Metadata is continuously submitted by Oneproviders to Onezone, which acts as a sink and feeds it to an external harvesting backend (e.g. Elasticsearch). Harvesters are bound to the harvesting backends in many-to-one relation — many harvesters can use the same backend simultaneously. Such backend persists metadata in data structures called indices, which allow performing database-like queries in terms of fields defined by index schema (either provided by a user or an automatically generated one). A harvester may contain any number of indices, but all of them are handled only by the backend bound to the harvester. The Onezone service feeds the same metadata changes streams to each harvester index via harvesting backend API. The result of that submission depends on the index schema — incoming metadata entry might be accepted (fully or partially) or rejected. For example, one can use 2 different indices which accept different types of JSON metadata (depending on its content). Each index will only accept objects that match its schema, effectively splitting the harvested metadata into two subsets. As a result, they can be used like tables in a database — each holding records of different types.

# More about index schemas

The index schema describes:

  • the format of the incoming metadata and how it should be saved,
  • conditions which have to be met by a metadata submission to be accepted,
  • search parameters used during queries,
  • additional configuration to adjust the indexing process itself (e.g. a number of used nodes in Elasticsearch).

The index schema format depends on the type of used harvesting backend. In most cases, there is no need to define a custom index schema.

Backends are pluggable — by default, Onezone comes with one predefined backend plugin for Elasticsearch. Its documentation concerning index schemas can be found here (opens new window).

# Querying indexed metadata

After the metadata has been submitted and accepted by the harvesting backend, it can be queried using the Data Discovery GUI and REST API (refer to the end user documentation).

Apart from that, it is possible to directly access the harvesting backend. It requires network a connection to the harvesting backend (which is often behind a firewall). This way, one can use all proprietary API features with no additional translation layers from Onedata system.

WARNING: Using direct access to the harvesting backend may corrupt your indexed data as it allows not only to query, but also to modify and remove metadata entries and whole indices. Use it with caution.

# Public access

If desired, it is possible to grant public access to the GUI and REST API so that unauthenticated users can make API queries and browse the harvester using a public link to its GUI. Otherwise, it is available only to the harvester members (users and groups). In the public view, the harvester GUI is displayed in full-screen mode.
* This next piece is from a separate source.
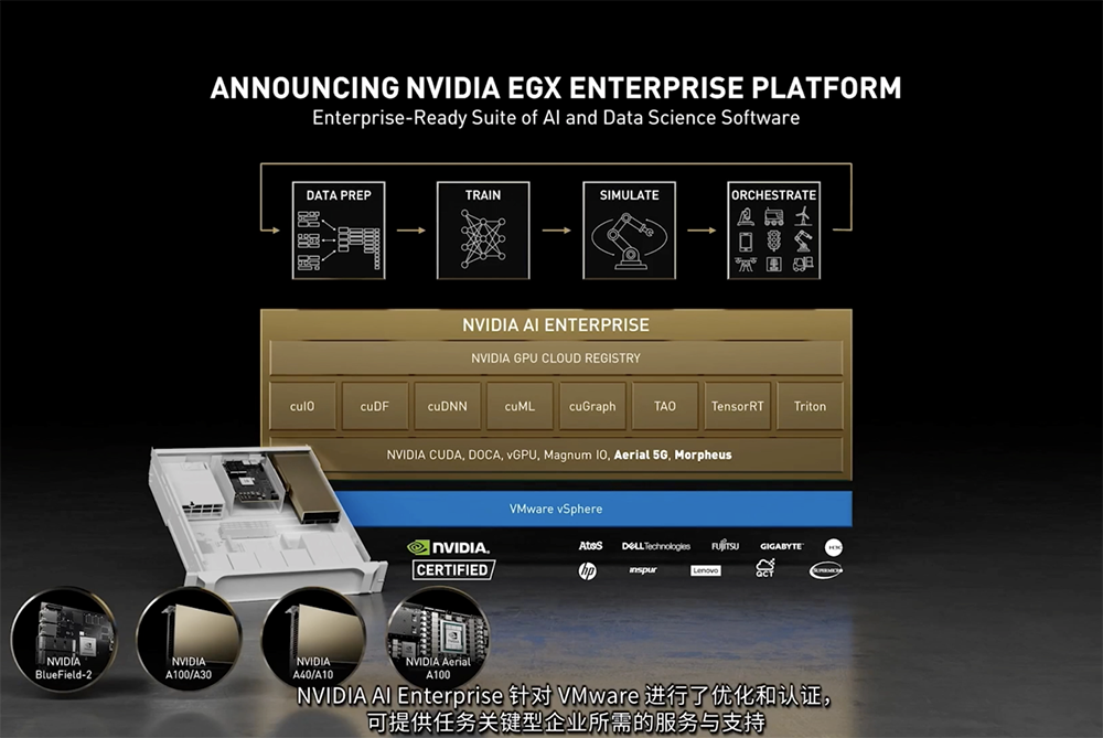 NVIDIA在去年推出了一个机架比肩AI数据中心的AI系统DGX A100、AI算力高达700 PFLOPS的集群DGX SuperPOD、千万亿级工作组服务器DGX Station A100。面向AI应用需求,NVIDIA已经提供Megatron、Jarvis、Merlin、Maxine、Isaac、Metropolis、Clara和DRIVE、以及各种可使用TAO进行定制化的预训练模型。今天,NVIDIA进一步强化企业计算服务,不仅推出大型语言模型训练与推理问答引擎、宣布对话式AI平台最新落地进展,还展示了其量子电路模拟框架。1、NVIDIA EGX:扩大认证服务器生态系统为进一步实现AI民主化,黄仁勋发布了来自顶尖制造商的新系列NVIDIA认证系统,即大容量企业级服务器,现已通过认证。这一系统可运行NVIDIA AI Enterprise软件套件,该套件得到了全球应用最广泛的计算虚拟化平台——VMware vSphere 7的独家认证。

The public mode can be enabled by a harvester member with sufficient privileges using the Configuration submenu.

# GUI guide

# Creating a new harvester

NOTE: To create a harvester you need to have the oz_harvesters_create admin privilege. Learn more here.

  1. Navigate to the Discovery tab and click “Get started”

screen-1-no-harvesters

  1. Choose the Create a harvester option or the (+) button at the top of the side menu. screen-2-get-started Other options visible on the screen can be used to join an existing harvester.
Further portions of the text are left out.